Czars of Russia
|1380||Moscow defeats Tatars in Battle of Kulikovo; Muscovite expansion begins|
|1453||Fall of Constantinople to Ottoman Turks|
|1469||Ivan III marries Zoe, niece of emperor of Byzantium|
|1480||End of Tatar authority in Russia|
|1547||Ivan IV is crowned Czar of All the Russias|
|1598-1613||Time of Troubles|
|1613||Mikhail Romanov becomes new czar; dynasty will continue to 1917|
Early Czarist Russia
In 1380, the nation we know today as Russia was a small collection of principalities—Muscovy, Novgorod, and others—paying tribute to the Tatars. By 1600, it had become an empire under Russian rule and had expanded its borders far beyond its original size. It was to grow much larger over the next century, eventually encompassing one-sixth of all the land on earth.

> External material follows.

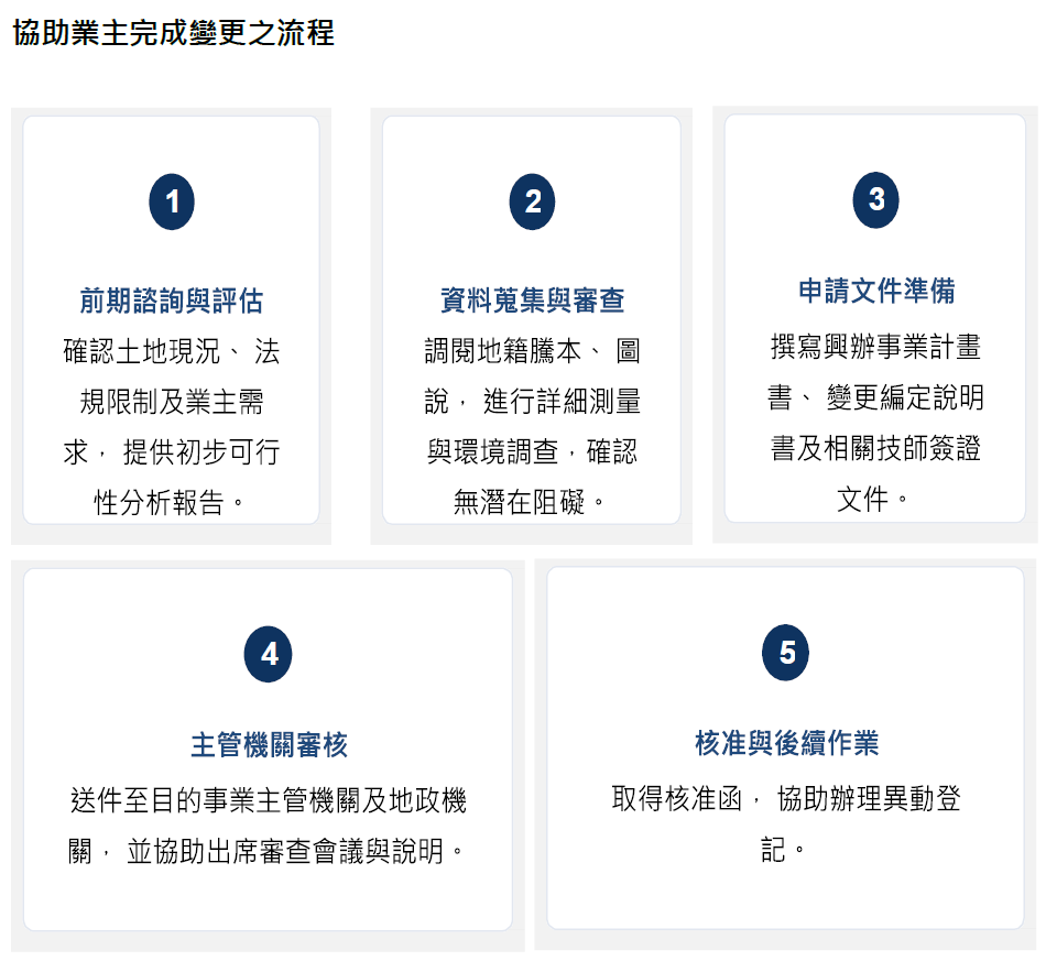 我們擁有豐富的實務經驗, 致力於協助補辦單位突破土地使用限制,無論是農地變更、 工廠擴建或都市土地活化使用, 都能提供策略與執行方案。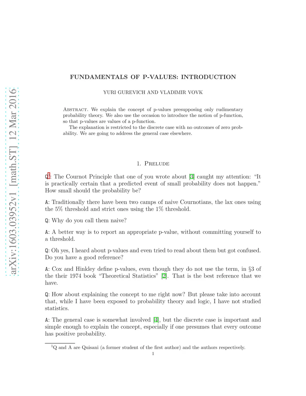 We explain the concept of p-values presupposing only rudimentary probability theory. We also use the occasion to introduce the notion of p-function, so that p-values are values of a p-function. The explanation is restricted to the discrete case with no outcomes of zero probability. We are going to address the general case elsewhere.

The major goals of the early Russian princes and czars were fourfold. First, they wanted to break away from the stranglehold of Tatar authority. Second, they wanted to consolidate power into the hands of one absolute monarch, with a capital city as a central power base. Third, they wanted the central government to consolidate and control all the elements of society, from the boyars (hereditary nobles) through the peasants. Last, they wanted to expand the empire to both the west and the east for strategic and trade purposes.
Although present-day Russia has one foot in Asia, this was not the case in its early history. Historically and culturally, it is an Eastern European nation with its roots in the western portion of the country, in the area bordering Poland and Scandinavia. Russians are a Slavic people, like most Eastern Europeans.
Russian is written in the Cyrillic alphabet, not the Roman one used through- out the West. Therefore, the student may find variations, in both primary and secondary sources, in the English transliterations of Russian proper names and other Russian words. For example, both czar and tsar are acceptable Western spellings of the Russian emperor’s title. In addition, Russian names are somEtimes anglicized; for example, Pyotr becomes Peter and Yekaterina becomes Catherine.